### Task prompt
Count how many lines in the following data hold the word "with". Your answer is the number and nothing else.

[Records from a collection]
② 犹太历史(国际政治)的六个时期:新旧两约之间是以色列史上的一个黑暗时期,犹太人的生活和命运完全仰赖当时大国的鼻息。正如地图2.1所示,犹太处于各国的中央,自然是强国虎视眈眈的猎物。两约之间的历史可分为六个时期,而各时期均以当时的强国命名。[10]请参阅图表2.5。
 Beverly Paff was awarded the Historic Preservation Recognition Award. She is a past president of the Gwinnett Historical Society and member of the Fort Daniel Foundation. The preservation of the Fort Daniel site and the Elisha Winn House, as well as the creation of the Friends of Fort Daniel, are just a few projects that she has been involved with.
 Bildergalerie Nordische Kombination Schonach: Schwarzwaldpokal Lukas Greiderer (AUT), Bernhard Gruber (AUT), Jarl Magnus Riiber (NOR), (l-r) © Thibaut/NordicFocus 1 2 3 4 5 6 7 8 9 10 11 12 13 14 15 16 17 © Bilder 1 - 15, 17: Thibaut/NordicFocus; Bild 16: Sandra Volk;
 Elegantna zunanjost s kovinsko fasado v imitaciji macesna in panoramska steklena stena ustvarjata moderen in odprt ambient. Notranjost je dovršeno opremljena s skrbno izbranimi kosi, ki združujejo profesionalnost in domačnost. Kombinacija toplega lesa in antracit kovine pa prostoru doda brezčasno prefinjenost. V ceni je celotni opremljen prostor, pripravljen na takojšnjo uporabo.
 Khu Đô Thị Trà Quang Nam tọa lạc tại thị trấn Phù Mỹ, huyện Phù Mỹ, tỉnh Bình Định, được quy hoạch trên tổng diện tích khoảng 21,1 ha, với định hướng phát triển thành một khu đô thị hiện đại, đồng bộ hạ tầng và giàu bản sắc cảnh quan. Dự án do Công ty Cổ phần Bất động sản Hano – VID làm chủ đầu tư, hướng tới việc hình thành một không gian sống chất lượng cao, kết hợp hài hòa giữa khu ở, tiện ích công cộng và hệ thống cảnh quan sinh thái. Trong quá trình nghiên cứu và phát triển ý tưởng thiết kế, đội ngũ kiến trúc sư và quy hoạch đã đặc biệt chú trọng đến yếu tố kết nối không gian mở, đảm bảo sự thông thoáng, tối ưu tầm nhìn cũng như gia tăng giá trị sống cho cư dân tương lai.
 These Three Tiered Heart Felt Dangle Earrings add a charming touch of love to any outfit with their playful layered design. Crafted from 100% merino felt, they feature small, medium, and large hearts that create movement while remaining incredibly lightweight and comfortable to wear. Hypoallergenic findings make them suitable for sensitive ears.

### Exercise solution
2